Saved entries
**********
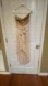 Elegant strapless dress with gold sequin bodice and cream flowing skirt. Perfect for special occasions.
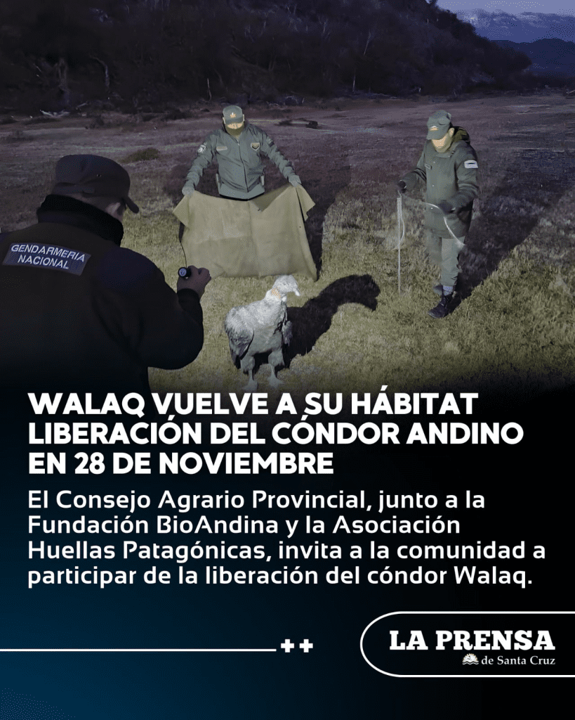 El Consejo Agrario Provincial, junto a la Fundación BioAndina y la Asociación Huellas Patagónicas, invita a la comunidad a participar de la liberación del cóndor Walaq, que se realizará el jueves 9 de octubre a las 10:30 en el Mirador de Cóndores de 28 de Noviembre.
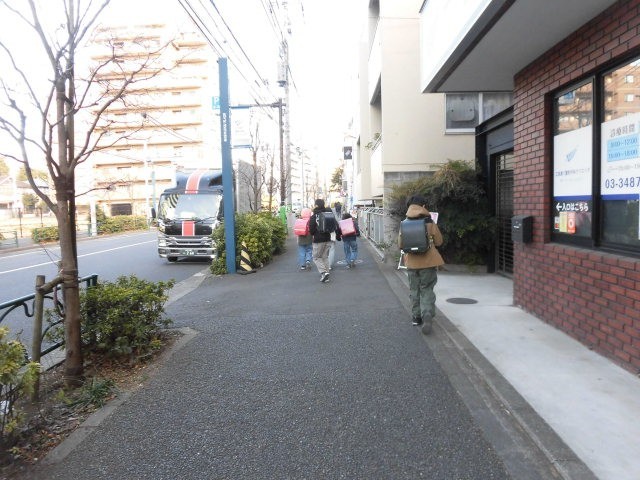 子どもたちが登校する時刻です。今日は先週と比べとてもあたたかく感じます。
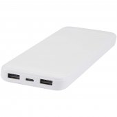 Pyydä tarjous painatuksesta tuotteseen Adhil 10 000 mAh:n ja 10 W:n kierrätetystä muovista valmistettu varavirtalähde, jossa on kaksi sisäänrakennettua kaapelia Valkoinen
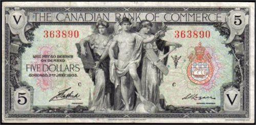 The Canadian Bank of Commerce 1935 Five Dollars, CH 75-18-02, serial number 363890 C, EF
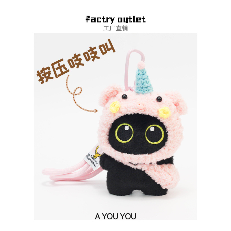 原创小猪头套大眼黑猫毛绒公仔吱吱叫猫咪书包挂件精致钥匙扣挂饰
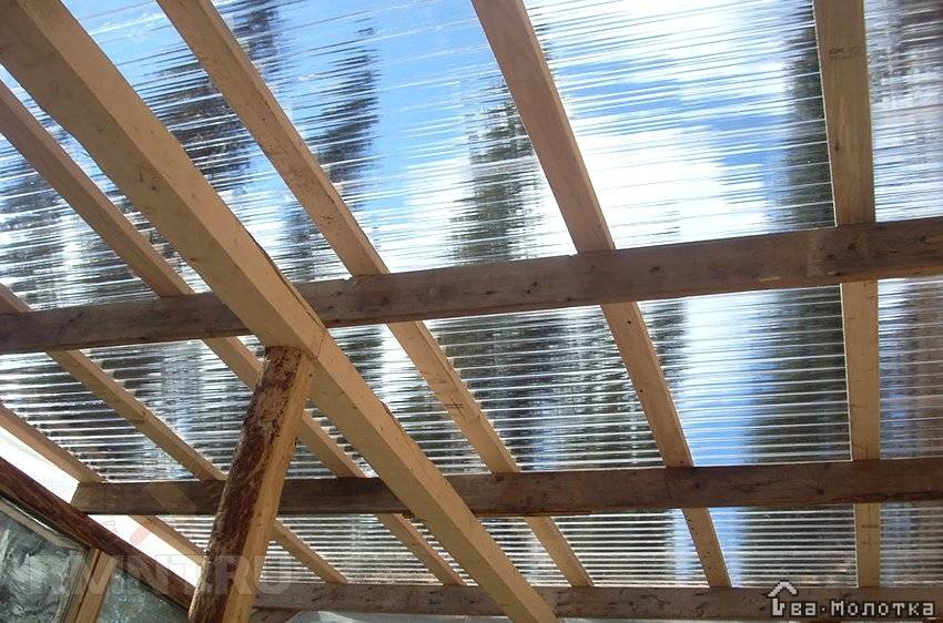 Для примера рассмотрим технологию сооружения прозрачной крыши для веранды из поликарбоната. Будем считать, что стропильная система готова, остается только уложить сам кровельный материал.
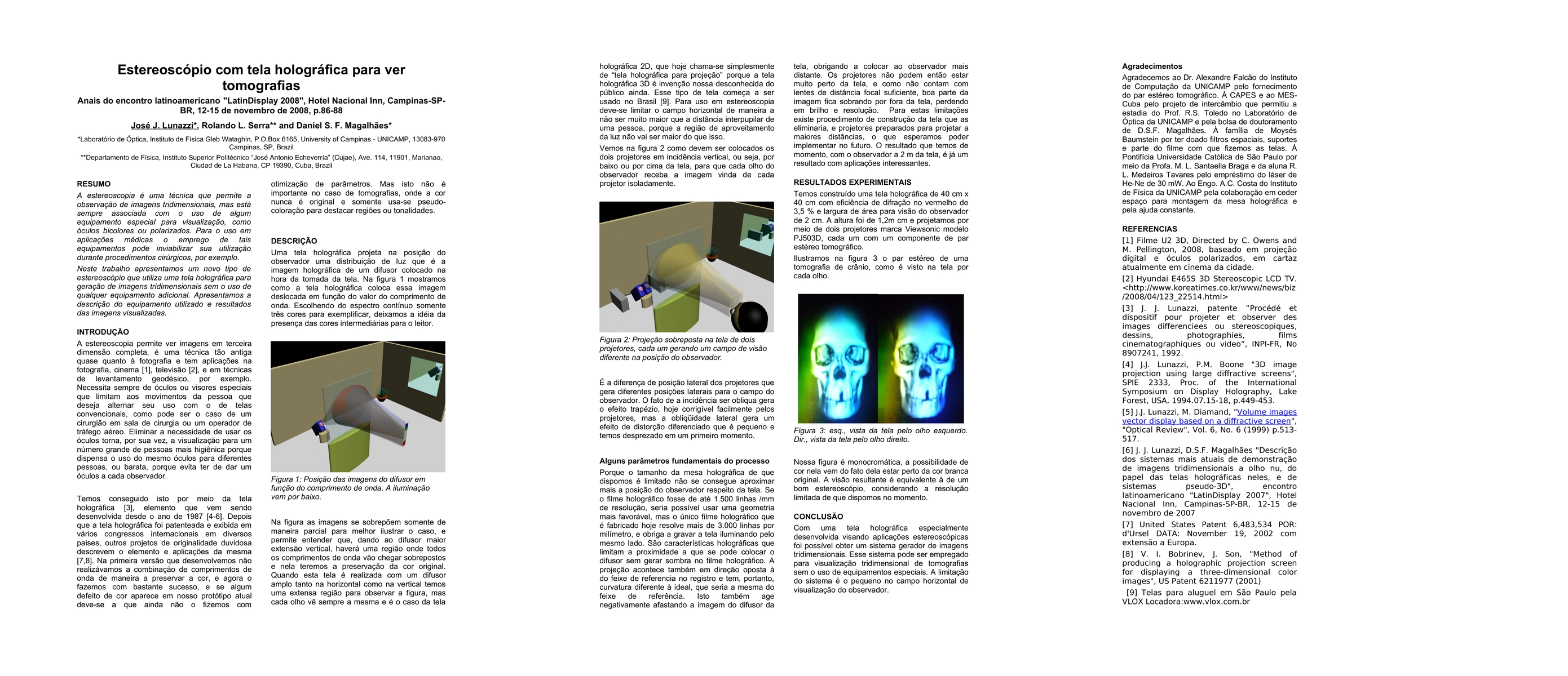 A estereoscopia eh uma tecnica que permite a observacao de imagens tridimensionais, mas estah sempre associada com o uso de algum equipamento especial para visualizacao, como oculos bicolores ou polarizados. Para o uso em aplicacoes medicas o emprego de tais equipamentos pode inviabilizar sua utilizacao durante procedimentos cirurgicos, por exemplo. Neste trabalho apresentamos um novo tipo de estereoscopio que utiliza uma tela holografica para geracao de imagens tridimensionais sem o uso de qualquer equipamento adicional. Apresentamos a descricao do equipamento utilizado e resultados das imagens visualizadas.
**********
EXERCISE INSTRUCTIONS
With the pictures left out, please output each line from the one containing "子どもたちが登校する時刻です。今日は先週と比べとてもあたたかく感じます。" through the end of the entries, exactly as it is.

ANSWER SECTION
 子どもたちが登校する時刻です。今日は先週と比べとてもあたたかく感じます。
 Pyydä tarjous painatuksesta tuotteseen Adhil 10 000 mAh:n ja 10 W:n kierrätetystä muovista valmistettu varavirtalähde, jossa on kaksi sisäänrakennettua kaapelia Valkoinen
 The Canadian Bank of Commerce 1935 Five Dollars, CH 75-18-02, serial number 363890 C, EF
 原创小猪头套大眼黑猫毛绒公仔吱吱叫猫咪书包挂件精致钥匙扣挂饰
 Для примера рассмотрим технологию сооружения прозрачной крыши для веранды из поликарбоната. Будем считать, что стропильная система готова, остается только уложить сам кровельный материал.
 A estereoscopia eh uma tecnica que permite a observacao de imagens tridimensionais, mas estah sempre associada com o uso de algum equipamento especial para visualizacao, como oculos bicolores ou polarizados. Para o uso em aplicacoes medicas o emprego de tais equipamentos pode inviabilizar sua utilizacao durante procedimentos cirurgicos, por exemplo. Neste trabalho apresentamos um novo tipo de estereoscopio que utiliza uma tela holografica para geracao de imagens tridimensionais sem o uso de qualquer equipamento adicional. Apresentamos a descricao do equipamento utilizado e resultados das imagens visualizadas.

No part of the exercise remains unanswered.